Begin at the line below that has "Srebrna tiare z" and stop after the line that has "Evan Reading Moor". Please restate only those lines, word for word.

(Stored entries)
..........
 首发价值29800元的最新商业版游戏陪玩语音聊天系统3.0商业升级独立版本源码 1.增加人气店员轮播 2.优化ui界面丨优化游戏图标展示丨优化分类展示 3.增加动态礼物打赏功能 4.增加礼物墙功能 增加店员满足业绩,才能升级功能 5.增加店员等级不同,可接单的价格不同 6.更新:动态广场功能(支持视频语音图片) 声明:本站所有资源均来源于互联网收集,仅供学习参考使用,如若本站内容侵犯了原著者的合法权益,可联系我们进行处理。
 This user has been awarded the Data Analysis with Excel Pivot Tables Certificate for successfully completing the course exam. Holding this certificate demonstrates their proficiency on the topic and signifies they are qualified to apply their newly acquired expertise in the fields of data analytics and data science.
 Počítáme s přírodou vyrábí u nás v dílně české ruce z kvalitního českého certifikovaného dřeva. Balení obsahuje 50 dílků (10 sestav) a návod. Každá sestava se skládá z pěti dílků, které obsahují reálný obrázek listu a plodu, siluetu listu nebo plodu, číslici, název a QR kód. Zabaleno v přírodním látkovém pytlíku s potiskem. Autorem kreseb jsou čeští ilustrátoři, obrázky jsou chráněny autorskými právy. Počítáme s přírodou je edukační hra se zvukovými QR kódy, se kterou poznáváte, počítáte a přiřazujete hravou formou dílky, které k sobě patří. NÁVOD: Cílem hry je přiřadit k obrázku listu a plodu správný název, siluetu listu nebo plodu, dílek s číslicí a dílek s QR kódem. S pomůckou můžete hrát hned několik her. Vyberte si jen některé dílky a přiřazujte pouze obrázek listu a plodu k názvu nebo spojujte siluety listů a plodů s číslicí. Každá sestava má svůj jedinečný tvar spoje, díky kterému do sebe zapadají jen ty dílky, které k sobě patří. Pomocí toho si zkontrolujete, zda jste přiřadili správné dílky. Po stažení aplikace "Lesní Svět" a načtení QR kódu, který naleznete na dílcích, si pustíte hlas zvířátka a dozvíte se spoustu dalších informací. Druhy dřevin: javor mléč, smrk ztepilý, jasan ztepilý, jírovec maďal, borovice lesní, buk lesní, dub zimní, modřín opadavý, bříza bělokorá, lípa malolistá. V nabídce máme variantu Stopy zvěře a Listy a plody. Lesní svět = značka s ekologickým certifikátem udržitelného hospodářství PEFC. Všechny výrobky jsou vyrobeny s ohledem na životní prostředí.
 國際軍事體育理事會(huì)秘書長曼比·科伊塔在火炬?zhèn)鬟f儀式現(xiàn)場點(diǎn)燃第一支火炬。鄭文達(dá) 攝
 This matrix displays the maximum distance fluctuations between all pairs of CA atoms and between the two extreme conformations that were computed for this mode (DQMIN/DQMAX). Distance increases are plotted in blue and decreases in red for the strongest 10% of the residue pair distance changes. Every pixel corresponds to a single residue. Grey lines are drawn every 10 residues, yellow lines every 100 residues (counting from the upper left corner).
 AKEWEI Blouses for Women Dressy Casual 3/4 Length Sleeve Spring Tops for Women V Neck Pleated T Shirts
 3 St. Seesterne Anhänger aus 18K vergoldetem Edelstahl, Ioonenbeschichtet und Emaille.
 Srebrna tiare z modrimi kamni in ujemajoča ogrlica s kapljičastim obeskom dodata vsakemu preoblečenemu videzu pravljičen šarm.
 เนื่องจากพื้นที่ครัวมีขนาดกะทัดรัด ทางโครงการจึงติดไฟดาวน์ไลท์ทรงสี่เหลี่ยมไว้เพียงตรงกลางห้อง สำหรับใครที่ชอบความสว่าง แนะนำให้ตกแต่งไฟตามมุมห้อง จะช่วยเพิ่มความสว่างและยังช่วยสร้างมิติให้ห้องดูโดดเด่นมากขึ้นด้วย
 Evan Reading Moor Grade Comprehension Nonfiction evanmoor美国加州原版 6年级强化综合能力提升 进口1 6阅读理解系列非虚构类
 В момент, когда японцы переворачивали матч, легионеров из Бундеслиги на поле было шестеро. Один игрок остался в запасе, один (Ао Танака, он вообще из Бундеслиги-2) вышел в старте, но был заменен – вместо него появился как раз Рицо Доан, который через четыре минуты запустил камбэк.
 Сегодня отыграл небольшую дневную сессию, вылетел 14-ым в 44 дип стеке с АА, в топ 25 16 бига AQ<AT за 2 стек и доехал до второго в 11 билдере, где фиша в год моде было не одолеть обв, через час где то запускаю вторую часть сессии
..........
[RESPONSE AREA]
 Srebrna tiare z modrimi kamni in ujemajoča ogrlica s kapljičastim obeskom dodata vsakemu preoblečenemu videzu pravljičen šarm.
 เนื่องจากพื้นที่ครัวมีขนาดกะทัดรัด ทางโครงการจึงติดไฟดาวน์ไลท์ทรงสี่เหลี่ยมไว้เพียงตรงกลางห้อง สำหรับใครที่ชอบความสว่าง แนะนำให้ตกแต่งไฟตามมุมห้อง จะช่วยเพิ่มความสว่างและยังช่วยสร้างมิติให้ห้องดูโดดเด่นมากขึ้นด้วย
 Evan Reading Moor Grade Comprehension Nonfiction evanmoor美国加州原版 6年级强化综合能力提升 进口1 6阅读理解系列非虚构类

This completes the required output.